Vaccines are complex biological medicinal products containing components such as antigens, adjuvants, and preservatives. They prevent diseasesby stimulating the immune system and providing active immunity. In the last century, vaccination has become the most effective medical way to reduce morbidity and mortality from infectious diseases. Vaccines, which are important advences for public health, can cause undesirable effects after administration. These effects are usually mild and rarely serious. Therefore, recent vaccines should be evaluated for their potential toxicity by performing preclinical studies. Therefore, their safety is demonstrated before the vaccine administered to human. As a result of these studies, clinical studies are carried out for candidate vaccines that are considered safe for human use. Assesment of vaccine safety worldwide is performed using various toxicity tests including Single Dose Toxicity Tests, Repeated Dose Toxicity Tests, Reproductive and Developmental Toxicity Tests, Mutagenicity and Genotoxicity Toxicity Tests, Carcinogenicity Tests and Safety Pharmacology Tests. Some test procedures differ among the national health autorities. Compliance with global guidelines reduces regional disparities.
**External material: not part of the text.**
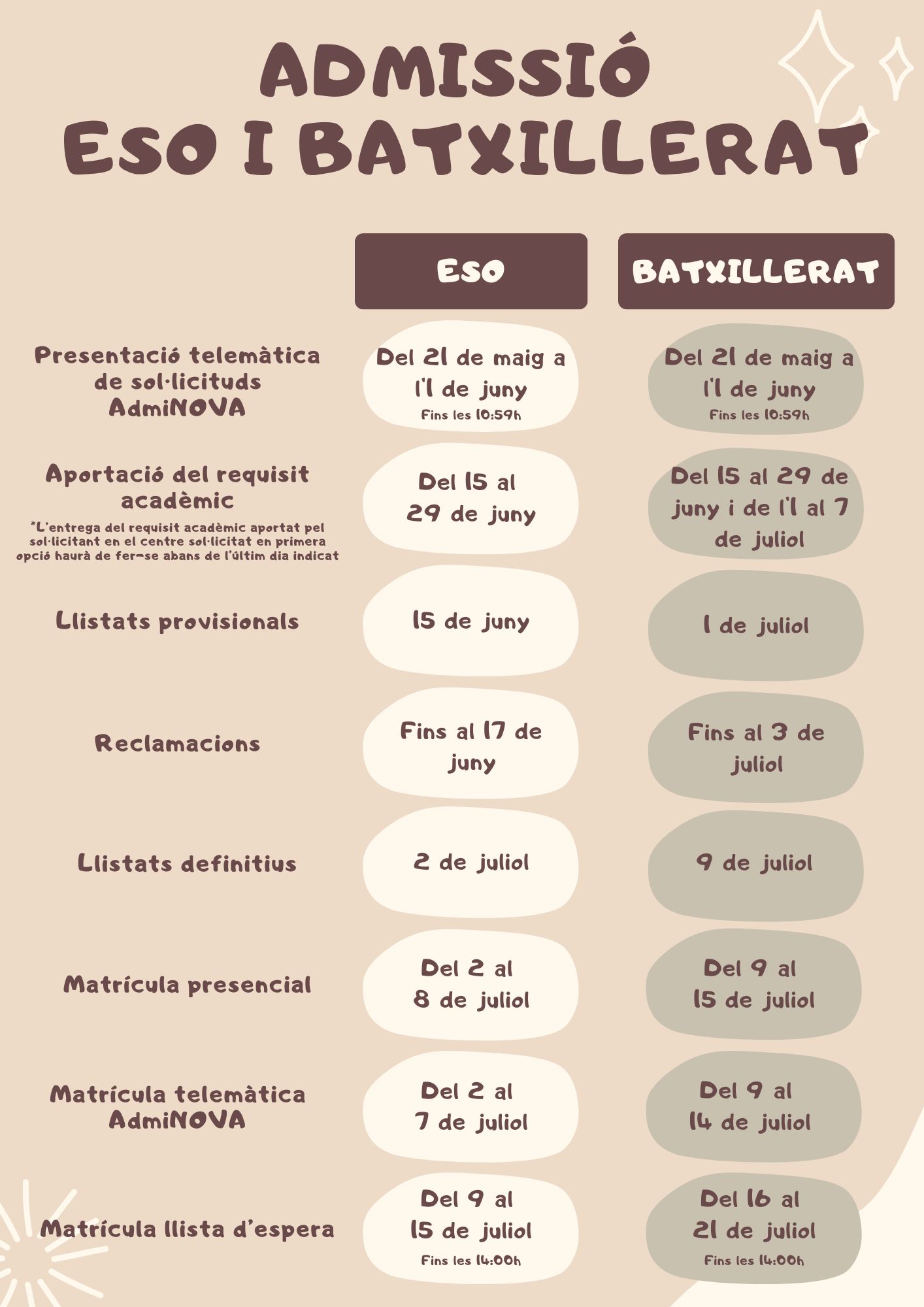 La presentació de sol·licituds per a l'admissió a Batxillerat serà del 15 al 23 de maig. Calendaris d'admissió (clica en cadascun d'ells):

Based on this literature survey, the aim of this thesis to examine in detail the toxicity assessments performed before the license following the vaccine production in our country and in the world, and to discuss the similarities and differences. In addition, it is aimed to reveal possible lack of information by examining the reference guides in our country and around the world. It is thought that this study, which was prepared as a result of comprehensive evaluation of national and international current guides, will contribute to a full understanding of the toxicity assessment process in vaccine production and to reveal the possible shortcomings.